Nvidia (NVDA) is a giant in data centers and gaming, with artificial intelligence (AI) chips a growth opportunity. Is Nvidia stock a buy right now?
Chipmaker Nvidia on Tuesday announced various initiatives to broaden its reach in artificial intelligence, including partnerships and new products.
“We are at the iPhone moment of AI,” Chief Executive Jensen Huang said in a keynote presentation.
On Feb. 22, Nvidia delivered a beat-and-raise report driven by its data center segment, which includes AI chips.
In the tech industry’s fierce battle for AI dominance, the advanced chips needed for “generative AI” such as the ChatGPT chatbot are key.
For those looking for top large-cap stocks to buy now, here’s a deep dive into NVDA stock.
Nvidia Stock Technical Analysis
On Tuesday, shares gained 0.6% to 260.50. Nvidia stock had gapped up 14% Feb. 23, following its beat-and-raise report the prior day.
That move saw the chip stock top a 230.59 buy point from a three-weeks-tight pattern, joining the prestigious IBD Leaderboard. It’s currently extended, meaning shares are trading beyond the 5% chase zone, which goes to 242.12.
NVDA stock crashed in 2022 but is up more than 77% year to date, as of Monday’s close.

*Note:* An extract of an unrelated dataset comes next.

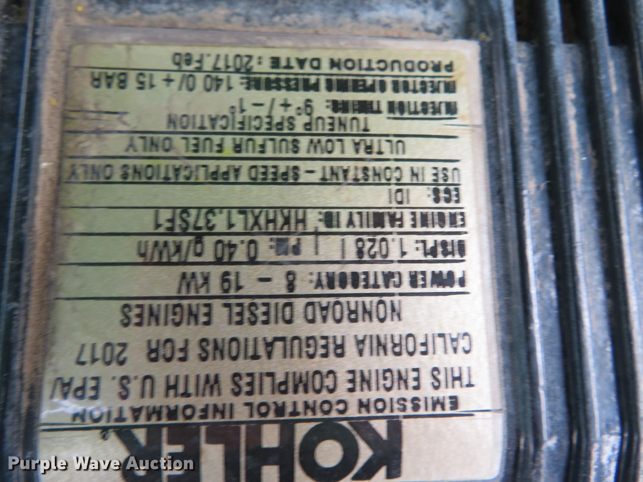 2017 Terex RL4 light plant. 4,863 hours on meter, Serial: RL4J-4807. Engine Kohler KDW1003-5138, Serial: 4703300486, Displacement: 1.028, Fuel type: Diesel. Operational Generator Pancake 201CSA5411, Watts: 6,000, kVA: 6, kW: 6, Phase: Single, Fuel tank, Trailer mounted, Light plant Bulbs: 4, Watts: 1,000, Tower height: 23.4', Hoist: Manual, Stabilizers. Trailer Ball hitch size: 2". Tires Tire size: ST175/80D13. Notes one light non functional. Transfer of ownership documentation will be a bill of sale. 4ZJSA101XH1004807. Geringer Construction. 358 Pcr 202. Perryville, MO 63775

It earns a near-perfect IBD Composite Rating of 98. In other words, Nvidia stock has outperformed 98% of all other stocks in IBD’s database in terms of combined technical and fundamental metrics.
The relative strength line for NVDA stock continues to rise, after a plunge in 2022.
The RS line indicator rallied strongly from mid-2019 to late 2021, IBD MarketSmith charts show. A rising RS line means that a stock is outperforming the S&P 500 index. It is the blue line in the chart shown.
Nvidia’s EPS Rating is 62 out of 99 and its SMR Rating is a B, on a scale of A to a worst E. The EPS rating compares a company’s earnings growth to other stocks. Its SMR Rating gauges sales growth, profit margins and return on equity.
On Feb. 22, Nvidia beat Wall Street’s earnings target for its fiscal fourth quarter and guided higher for the current period.
The Santa Clara, Calif.-based company earned 88 cents a share on sales of $6.05 billion. Year over year, Nvidia earnings dropped 33% while sales sank 21%.
Data center revenue rose 11% to $3.62 billion, fueled by demand for AI chips. However, gaming chip sales remained weak, falling 46% to $1.83 billion.
For the full year, Nvidia earnings fell 25% per share on basically flat revenue.
Analysts expect Nvidia earnings to rebound 34% in the new fiscal year, on a 10% sales increase.
Out of 46 analysts covering NVDA stock, 32 rate it a buy. Thirteen have a hold and two have a sell, according to FactSet.
NVDA Backstory, Rivals
The fabless chipmaker pioneered graphics processing units, or GPUs, to make video games more realistic. It’s expanding in AI chips, used in supercomputers, data centers and drug development.
Nvidia’s GPUs act as accelerators for central processing units, or CPUs, made by other companies.
In addition, Nvidia chips are used for Bitcoin mining and self-driving electric cars.
Nvidia has made a big push into metaverse applications.
Currently, the fabless group ranks No. 2 out of 197 industry groups.
For the best returns, investors should focus on companies that are leading the market and their own industry group.
Is Nvidia Stock A Buy?
On a fundamental level, Nvidia earnings and sales are expected to rebound in 2023.
The chipmaker is expanding in growth areas, such as data centers, including artificial intelligence or AI; automated electric cars, and cloud gaming. The adoption of metaverses and cryptocurrencies could further stoke demand for Nvidia chips.
However, macroeconomic uncertainties and risk of global recession linger.
NVDA stock has staged a strong recovery in 2023. After clearing a 230.59 follow-on buy point, it’s currently extended, meaning shares are not in the proper buy range.
Bottom line: Nvidia stock is not a buy. As a leading chipmaker with exposure to top end markets, Nvidia is always one to watch.